In US, the US Institute for Supply Management's manufacturing index also came lower than the previous month, with a May reading of 53.5 compared April's reading of 60.4. Most of the developed market except Australia and Japan has a reading of 50 in their PMI till now, which shows expansion, otherwise contraction. As inflation is heading up, any monetary tightening may hinder expansion of manufacturing sector and may lead to further softening. We do not see any tightening policy further in US and UK for next 2-3 months, but sentiment may build up in the market as ECB set for rate hike in July meeting.
In emerging Asia, most of the economies are witnessing higher inflation and now with manufacturing slowdown. Headline inflation in Asia ex Japan has been rising rapidly since the second half of 2010, reaching a 29-month high of 5.8% in March 2011. While food inflation has been driving headline inflation higher, core inflation pressures have also been elevated, tracking at a high of 3.9% in March 2011. The process of taming inflation will ultimately be damaging to growth.

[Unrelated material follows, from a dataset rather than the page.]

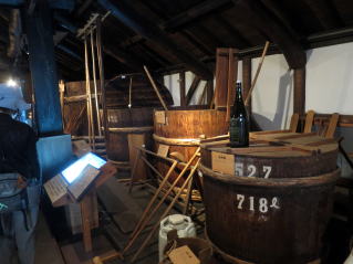 | 案内のお嬢さんが要領よく 説明してくれる 食用とお酒用のコメの違い 大吟醸酒は5割以上コメを削って、スッキリ感を出す 削ったコメは、団子や煎餅の材料に使うので無駄はない 昔は、この建物で お酒造りをしていて、この2階の展示室は、倉庫になっていた 大樽は使った後、2階に上げたが 「後光滑車を使って、上げ下げした」 ・・・ |

The results seem revealed now. As per recent data Purchasing Managers’ Indices for India, Korea, Taiwan and Singapore all worsened.
In India, the HSBC Markit PMI based on a survey of around 500 companies, fell to 57.5 in May from 58.0 in April. It was the lowest level since it hit 56.8 in January. The decline was less than those of developed market. South Korea manufacturing growth dropped to its slowest pace in six months, with HSBC's PMI falling to 51.2 from 51.7. Taiwan's had a similar drop with the HSBC PMI falling to 54.9 in May from 58.2 in April. In Singapore, the index dropped 1.7 points to 50.8 in May, from 52.5 in April. In Asia pacific, Australian AIG May PMI fell to 47.7, a contraction for 3rd Month. Nine out of the 12 manufacturing sub-sectors recorded declines in activity during the month, with the clothing and footwear sub-sector recording the steepest contraction, followed by the chemical, petroleum & coal products sub-sector.

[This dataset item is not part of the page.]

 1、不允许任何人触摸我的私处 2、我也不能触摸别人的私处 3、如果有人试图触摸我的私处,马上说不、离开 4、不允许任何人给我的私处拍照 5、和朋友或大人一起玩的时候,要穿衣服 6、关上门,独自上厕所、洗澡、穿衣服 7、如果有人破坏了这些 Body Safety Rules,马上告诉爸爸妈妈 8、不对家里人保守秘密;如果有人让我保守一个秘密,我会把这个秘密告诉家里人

The result suggest pressure on commodity prices as slow down of demand in industrials such as Copper, Nickel, Lead, Zinc, aluminium and Silver and for energies like Crude oil and natural gas. Another critical factor need to be mentioned is the end of Quantitative easing by the Federal Reserve Bank, US which has been a major driver rise in global commodity prices. Last November, the Fed announced that they would buy an additional $600 billion of long term treasuries ($75 billion each month) pumping liquidity in the market and keeping the market rate of interest at lower levels. These purchases are scheduled to be completed by the end of June which will provide a focal point of speculation about the impact on the prices of a wide range of assets, including commodities.
Ultra-loose monetary conditions are particularly helpful for commodity prices because they minimize the opportunity cost of holding assets that do not pay any interest, while increasing demand for hedges against inflation. Global commodity prices do at least appear to have tracked the increases in the Fed’s holdings of Treasuries since early 2009. The end of the Fed’s Treasury purchases under QE2 may become a major turning point for commodity prices, which may lead to US dollar recovery and pressure on dollar prices commodities.
Commodity prices should ease with demand slowdown along with US dollar recovery after the end of QE 2nd.